-- Opening Marker --

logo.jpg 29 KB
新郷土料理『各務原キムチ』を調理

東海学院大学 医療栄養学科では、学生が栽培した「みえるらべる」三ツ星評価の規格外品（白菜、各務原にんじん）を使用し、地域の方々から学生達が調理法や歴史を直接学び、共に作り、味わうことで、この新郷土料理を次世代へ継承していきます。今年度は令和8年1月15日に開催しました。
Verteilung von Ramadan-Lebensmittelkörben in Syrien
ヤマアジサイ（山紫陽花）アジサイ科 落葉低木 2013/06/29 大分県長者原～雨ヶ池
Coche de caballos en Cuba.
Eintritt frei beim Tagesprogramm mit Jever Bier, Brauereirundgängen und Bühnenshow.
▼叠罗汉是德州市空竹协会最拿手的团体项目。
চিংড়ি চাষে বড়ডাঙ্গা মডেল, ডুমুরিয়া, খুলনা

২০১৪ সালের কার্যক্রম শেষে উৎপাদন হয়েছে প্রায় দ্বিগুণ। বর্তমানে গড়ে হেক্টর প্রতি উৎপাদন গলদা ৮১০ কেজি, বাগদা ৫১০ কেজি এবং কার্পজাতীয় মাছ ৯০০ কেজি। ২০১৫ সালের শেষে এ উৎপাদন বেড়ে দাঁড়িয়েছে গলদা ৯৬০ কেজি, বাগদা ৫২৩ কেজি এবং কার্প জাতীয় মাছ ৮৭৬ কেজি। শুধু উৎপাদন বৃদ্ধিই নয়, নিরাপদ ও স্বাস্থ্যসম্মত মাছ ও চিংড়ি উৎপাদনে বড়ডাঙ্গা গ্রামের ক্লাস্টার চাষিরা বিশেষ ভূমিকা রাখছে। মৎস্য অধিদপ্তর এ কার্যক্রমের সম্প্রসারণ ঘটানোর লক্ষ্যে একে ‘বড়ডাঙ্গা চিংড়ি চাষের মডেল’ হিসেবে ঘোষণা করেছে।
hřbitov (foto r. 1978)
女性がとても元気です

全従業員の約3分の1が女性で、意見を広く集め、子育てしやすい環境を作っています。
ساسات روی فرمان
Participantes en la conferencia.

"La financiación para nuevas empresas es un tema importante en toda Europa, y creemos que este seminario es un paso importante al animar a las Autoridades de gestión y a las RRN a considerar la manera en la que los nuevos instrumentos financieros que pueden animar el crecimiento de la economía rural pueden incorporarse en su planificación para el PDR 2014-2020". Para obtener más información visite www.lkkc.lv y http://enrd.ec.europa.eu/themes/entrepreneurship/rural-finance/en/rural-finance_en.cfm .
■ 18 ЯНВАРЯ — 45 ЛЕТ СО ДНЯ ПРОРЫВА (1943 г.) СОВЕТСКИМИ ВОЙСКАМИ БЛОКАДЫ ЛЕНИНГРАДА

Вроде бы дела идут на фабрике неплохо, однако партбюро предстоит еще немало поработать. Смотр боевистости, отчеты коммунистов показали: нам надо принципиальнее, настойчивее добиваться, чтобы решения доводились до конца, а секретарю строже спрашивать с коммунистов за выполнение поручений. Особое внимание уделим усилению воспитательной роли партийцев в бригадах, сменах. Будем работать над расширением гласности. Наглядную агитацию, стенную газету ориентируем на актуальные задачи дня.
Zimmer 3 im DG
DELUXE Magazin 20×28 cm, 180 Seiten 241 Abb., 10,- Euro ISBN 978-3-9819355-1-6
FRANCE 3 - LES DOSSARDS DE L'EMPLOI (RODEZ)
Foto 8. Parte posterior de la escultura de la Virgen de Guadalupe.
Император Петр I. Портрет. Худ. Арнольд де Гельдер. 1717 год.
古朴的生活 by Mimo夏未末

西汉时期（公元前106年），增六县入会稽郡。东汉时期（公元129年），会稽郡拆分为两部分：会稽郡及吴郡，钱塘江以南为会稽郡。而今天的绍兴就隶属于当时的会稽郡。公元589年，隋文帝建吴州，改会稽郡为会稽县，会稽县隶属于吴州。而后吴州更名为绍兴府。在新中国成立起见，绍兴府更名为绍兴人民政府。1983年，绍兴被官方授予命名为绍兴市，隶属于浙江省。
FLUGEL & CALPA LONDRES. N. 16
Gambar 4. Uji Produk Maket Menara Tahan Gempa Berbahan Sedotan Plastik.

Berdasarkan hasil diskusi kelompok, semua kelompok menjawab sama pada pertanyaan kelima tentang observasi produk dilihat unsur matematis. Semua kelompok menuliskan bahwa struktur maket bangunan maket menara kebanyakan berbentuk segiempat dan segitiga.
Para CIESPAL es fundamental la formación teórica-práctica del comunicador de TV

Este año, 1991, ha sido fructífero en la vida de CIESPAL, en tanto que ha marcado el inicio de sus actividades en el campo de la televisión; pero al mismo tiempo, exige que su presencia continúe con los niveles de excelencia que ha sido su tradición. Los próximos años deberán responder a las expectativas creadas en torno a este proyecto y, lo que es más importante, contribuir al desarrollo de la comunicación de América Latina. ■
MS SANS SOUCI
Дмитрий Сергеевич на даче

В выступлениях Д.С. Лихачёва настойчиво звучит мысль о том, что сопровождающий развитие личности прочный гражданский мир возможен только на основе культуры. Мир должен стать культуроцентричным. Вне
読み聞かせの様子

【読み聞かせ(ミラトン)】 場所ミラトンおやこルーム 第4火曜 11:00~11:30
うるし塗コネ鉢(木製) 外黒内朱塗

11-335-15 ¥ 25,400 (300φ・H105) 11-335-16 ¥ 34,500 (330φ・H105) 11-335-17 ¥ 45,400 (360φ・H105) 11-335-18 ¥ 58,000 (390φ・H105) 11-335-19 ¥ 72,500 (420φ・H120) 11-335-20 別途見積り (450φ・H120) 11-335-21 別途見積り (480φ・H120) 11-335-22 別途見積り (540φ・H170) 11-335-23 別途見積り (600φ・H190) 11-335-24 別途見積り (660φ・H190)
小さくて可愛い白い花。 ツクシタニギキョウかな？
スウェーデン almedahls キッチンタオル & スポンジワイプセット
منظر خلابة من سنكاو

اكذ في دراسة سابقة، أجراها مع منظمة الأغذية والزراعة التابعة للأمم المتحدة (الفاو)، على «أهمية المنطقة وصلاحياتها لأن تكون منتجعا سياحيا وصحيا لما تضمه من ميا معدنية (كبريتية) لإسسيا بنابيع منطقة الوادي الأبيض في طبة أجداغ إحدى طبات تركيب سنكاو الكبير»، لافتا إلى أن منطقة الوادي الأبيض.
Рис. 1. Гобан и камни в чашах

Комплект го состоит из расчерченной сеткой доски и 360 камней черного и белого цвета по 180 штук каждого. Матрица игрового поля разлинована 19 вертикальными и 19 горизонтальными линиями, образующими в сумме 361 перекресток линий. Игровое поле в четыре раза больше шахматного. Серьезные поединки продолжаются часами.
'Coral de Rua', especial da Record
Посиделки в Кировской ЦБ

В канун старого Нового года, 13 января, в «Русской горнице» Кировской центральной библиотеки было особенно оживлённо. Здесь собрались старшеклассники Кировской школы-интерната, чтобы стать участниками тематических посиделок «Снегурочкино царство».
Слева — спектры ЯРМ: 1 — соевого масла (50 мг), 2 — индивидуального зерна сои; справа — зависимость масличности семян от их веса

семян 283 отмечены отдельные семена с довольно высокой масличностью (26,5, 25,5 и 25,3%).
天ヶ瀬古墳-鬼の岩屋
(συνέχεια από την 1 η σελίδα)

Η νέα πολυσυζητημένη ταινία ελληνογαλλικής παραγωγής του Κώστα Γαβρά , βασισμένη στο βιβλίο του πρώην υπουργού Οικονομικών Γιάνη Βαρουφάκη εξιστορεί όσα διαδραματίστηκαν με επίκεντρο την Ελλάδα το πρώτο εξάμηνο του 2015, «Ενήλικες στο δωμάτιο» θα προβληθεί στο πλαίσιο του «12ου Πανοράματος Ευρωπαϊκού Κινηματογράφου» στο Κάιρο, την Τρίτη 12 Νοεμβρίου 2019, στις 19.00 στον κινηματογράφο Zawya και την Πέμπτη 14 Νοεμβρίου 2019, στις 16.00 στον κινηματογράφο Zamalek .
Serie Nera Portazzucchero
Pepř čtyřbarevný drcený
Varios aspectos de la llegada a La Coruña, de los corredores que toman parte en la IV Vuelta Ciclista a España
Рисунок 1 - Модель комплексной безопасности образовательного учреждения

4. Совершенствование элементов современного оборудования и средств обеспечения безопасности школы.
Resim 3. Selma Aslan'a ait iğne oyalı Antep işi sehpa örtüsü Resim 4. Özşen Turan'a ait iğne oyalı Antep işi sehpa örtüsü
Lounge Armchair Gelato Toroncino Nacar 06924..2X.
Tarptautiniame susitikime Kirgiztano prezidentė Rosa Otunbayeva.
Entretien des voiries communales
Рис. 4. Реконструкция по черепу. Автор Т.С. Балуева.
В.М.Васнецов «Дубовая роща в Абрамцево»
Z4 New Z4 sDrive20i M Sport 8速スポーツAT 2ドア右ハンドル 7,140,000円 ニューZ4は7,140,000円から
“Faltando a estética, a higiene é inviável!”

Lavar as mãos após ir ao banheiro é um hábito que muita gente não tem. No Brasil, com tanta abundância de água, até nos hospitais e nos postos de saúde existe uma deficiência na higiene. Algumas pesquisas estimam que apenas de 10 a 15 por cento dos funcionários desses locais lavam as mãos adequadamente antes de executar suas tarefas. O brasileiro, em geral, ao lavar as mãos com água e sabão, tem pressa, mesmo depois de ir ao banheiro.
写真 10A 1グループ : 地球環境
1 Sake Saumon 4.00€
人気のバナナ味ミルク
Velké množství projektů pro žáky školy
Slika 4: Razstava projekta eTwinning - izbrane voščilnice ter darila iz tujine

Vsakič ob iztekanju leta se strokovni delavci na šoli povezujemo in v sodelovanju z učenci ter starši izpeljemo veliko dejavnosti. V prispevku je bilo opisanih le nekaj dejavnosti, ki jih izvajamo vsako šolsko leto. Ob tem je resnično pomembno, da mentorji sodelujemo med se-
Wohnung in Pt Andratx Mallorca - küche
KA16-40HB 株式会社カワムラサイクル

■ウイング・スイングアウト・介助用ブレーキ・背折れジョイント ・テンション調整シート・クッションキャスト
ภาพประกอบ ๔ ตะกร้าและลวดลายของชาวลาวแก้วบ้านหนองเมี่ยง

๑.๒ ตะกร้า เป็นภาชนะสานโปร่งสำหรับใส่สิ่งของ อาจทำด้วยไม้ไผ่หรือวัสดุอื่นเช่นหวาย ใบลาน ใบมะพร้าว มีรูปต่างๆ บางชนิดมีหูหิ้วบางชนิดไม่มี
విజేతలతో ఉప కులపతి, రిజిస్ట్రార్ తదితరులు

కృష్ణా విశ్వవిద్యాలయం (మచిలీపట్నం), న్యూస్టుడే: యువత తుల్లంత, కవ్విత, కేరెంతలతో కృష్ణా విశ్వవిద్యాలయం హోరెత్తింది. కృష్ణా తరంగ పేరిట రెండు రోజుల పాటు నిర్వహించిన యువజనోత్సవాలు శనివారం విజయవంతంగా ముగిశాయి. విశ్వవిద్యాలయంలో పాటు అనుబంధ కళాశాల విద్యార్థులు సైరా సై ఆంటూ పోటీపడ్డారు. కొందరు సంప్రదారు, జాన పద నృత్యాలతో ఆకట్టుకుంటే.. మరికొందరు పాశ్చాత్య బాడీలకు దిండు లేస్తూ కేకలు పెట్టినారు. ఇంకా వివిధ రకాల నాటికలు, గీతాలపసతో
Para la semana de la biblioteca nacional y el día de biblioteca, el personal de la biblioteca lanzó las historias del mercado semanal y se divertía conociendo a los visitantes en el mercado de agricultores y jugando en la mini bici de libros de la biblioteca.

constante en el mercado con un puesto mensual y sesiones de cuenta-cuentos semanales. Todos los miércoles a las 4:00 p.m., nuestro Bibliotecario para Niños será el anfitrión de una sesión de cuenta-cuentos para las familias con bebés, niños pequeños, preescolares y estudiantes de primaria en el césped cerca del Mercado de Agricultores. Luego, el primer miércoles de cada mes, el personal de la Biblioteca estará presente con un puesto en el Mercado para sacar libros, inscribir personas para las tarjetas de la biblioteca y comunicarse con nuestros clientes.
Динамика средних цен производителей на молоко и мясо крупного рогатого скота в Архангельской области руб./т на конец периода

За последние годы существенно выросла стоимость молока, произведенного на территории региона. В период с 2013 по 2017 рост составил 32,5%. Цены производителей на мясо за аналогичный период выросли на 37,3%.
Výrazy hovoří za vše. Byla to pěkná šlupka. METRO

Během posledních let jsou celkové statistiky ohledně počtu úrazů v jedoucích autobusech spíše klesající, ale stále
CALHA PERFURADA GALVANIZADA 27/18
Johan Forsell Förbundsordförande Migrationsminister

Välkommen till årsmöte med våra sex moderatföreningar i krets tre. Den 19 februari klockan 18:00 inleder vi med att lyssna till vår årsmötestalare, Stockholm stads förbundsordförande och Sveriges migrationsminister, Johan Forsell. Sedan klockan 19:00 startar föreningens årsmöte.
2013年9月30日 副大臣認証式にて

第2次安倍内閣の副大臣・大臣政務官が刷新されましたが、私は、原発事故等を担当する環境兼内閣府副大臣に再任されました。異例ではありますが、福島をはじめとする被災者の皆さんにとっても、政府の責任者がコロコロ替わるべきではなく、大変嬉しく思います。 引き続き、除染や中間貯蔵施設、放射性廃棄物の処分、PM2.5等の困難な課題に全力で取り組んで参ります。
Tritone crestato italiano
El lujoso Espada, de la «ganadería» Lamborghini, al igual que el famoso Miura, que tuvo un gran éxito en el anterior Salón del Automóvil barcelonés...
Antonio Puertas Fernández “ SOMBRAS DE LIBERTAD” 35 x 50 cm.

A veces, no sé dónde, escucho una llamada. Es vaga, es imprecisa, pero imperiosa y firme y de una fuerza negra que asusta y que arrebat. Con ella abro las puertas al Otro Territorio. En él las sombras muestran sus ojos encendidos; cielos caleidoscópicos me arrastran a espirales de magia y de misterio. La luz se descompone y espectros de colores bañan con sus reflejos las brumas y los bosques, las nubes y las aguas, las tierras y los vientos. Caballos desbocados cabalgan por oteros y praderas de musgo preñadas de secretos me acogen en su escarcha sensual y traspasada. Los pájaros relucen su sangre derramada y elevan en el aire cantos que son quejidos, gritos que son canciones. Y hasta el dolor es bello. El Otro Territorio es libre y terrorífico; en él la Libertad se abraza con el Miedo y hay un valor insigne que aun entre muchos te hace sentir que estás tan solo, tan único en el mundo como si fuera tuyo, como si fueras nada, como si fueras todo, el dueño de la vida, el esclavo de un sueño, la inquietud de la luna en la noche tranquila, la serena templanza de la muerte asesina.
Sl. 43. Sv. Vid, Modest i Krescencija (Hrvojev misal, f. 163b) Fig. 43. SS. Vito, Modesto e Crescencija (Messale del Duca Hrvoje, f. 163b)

-- Closing Marker --

• Work instruction: Please work out how many lines in this listing contain "семян", then give only that number.

• Result of the exercise: 2